* Your task *
Nothing but the lines below from the first through the one with "وقال في تغريدة" should appear, printed exactly; please leave pictures out.

* Material for this task *
● ● ● ● ●

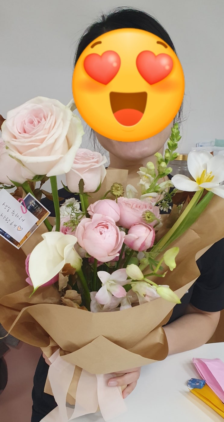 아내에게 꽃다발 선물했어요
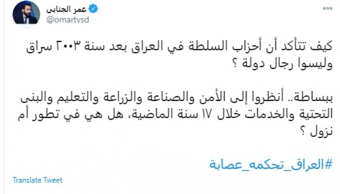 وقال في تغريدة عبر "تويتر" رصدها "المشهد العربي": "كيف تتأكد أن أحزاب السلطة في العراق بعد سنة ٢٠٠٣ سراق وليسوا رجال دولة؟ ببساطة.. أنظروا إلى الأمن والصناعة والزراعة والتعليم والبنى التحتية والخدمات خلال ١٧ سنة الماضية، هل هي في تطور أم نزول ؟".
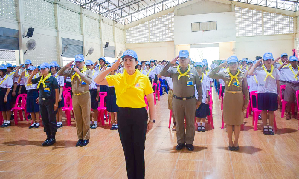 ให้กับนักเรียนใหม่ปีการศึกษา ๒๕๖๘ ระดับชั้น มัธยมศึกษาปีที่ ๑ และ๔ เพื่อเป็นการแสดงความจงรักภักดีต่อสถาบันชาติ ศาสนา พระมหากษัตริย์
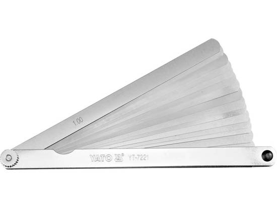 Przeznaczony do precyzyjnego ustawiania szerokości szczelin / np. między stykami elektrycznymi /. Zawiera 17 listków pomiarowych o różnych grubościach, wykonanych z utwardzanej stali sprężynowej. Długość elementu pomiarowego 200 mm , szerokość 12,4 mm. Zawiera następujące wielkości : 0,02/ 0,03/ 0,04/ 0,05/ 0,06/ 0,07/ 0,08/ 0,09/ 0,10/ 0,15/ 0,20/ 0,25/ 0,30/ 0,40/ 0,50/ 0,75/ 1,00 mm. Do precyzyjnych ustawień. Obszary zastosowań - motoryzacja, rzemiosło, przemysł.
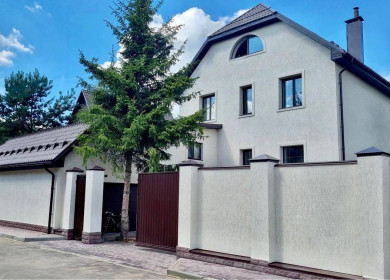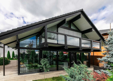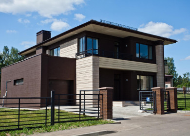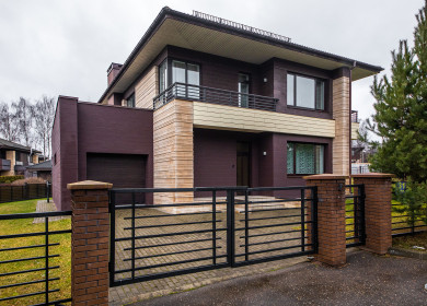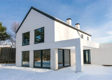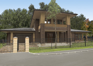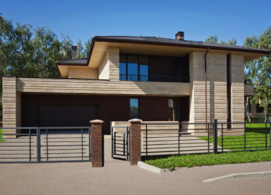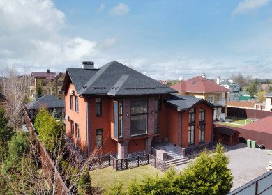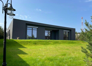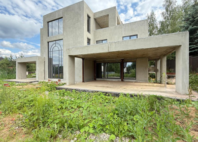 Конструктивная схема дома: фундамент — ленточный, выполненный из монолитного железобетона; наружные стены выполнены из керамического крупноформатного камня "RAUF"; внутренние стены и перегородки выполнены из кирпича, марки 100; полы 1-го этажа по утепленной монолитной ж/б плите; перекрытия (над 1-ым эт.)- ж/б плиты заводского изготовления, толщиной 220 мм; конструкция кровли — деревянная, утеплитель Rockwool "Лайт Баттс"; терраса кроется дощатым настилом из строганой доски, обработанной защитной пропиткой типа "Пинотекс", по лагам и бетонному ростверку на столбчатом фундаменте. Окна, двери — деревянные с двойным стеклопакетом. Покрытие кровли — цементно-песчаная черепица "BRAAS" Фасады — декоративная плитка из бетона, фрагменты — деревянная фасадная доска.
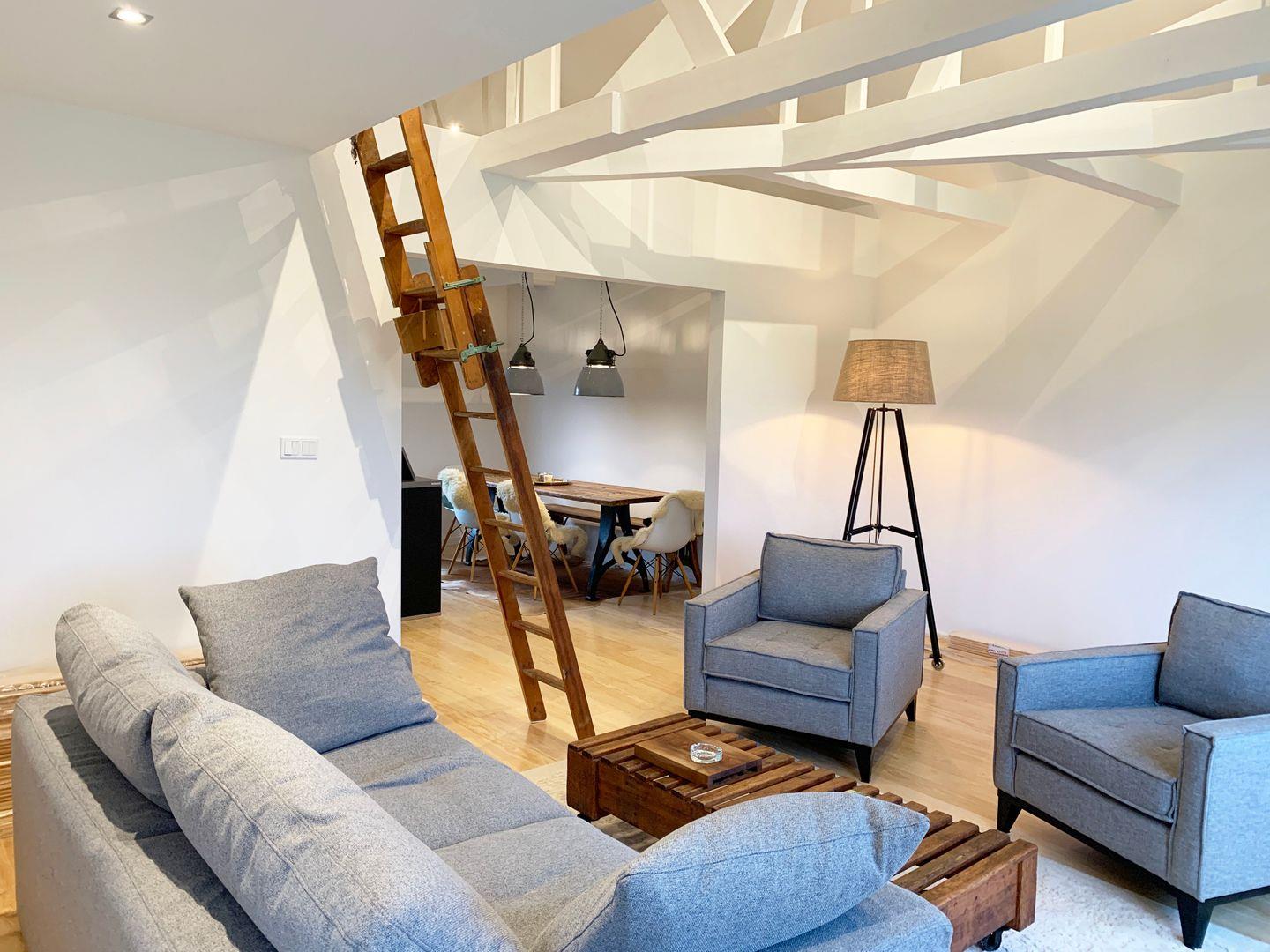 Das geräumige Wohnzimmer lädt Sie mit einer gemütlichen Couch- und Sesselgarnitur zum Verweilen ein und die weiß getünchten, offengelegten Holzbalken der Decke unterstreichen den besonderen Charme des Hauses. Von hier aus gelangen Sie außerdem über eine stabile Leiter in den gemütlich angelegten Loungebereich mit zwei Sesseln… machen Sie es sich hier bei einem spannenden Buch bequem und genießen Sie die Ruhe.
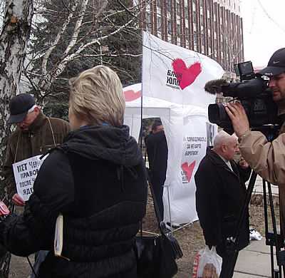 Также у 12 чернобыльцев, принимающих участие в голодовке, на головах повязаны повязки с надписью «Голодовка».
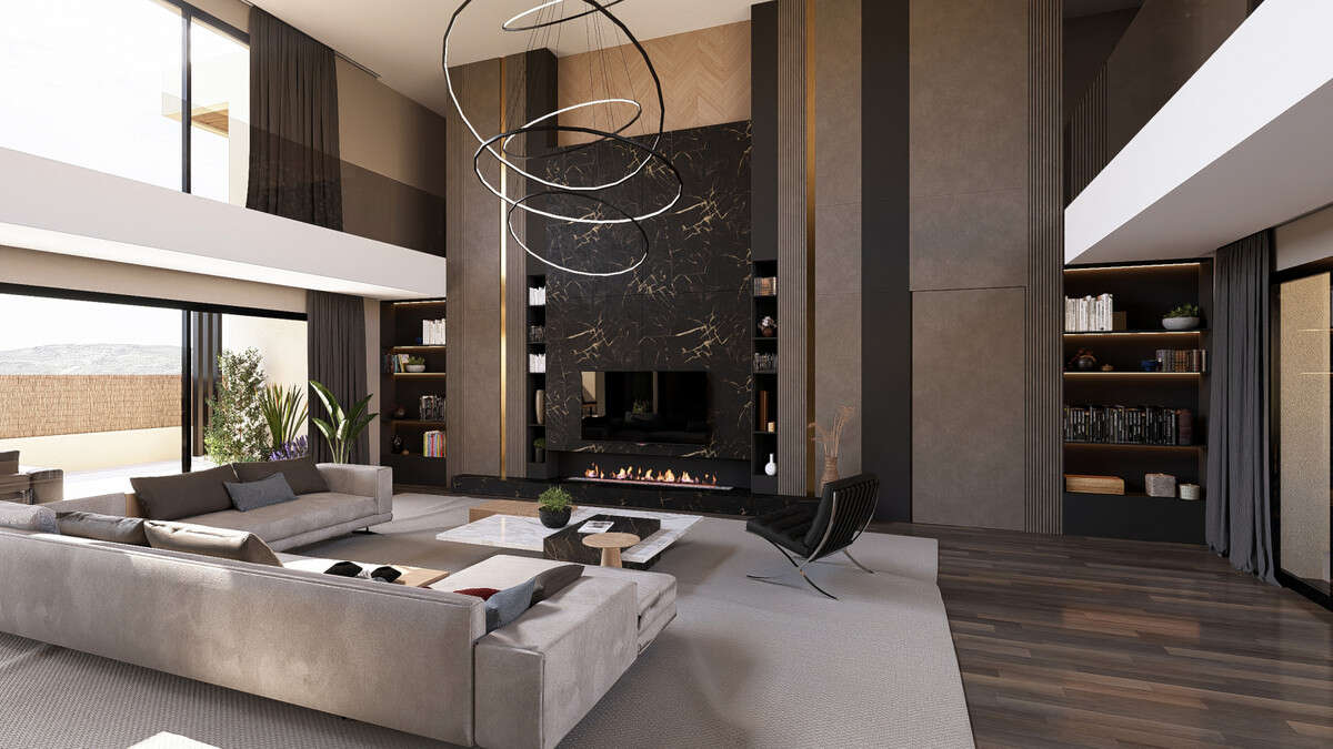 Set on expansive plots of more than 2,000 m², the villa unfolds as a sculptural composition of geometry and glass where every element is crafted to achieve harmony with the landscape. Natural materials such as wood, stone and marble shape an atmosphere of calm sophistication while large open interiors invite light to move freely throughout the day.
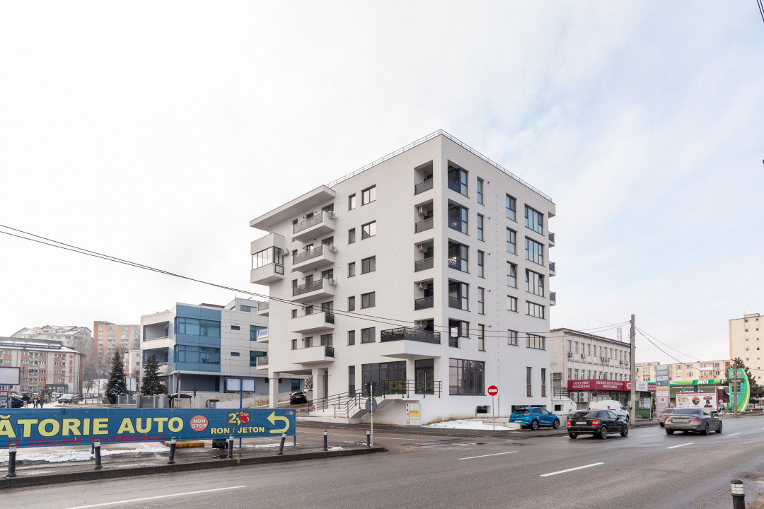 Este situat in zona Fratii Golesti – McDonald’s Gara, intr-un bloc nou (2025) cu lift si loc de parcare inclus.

● ● ● ● ●

* Answer section *
 아내에게 꽃다발 선물했어요
 وقال في تغريدة عبر "تويتر" رصدها "المشهد العربي": "كيف تتأكد أن أحزاب السلطة في العراق بعد سنة ٢٠٠٣ سراق وليسوا رجال دولة؟ ببساطة.. أنظروا إلى الأمن والصناعة والزراعة والتعليم والبنى التحتية والخدمات خلال ١٧ سنة الماضية، هل هي في تطور أم نزول ؟".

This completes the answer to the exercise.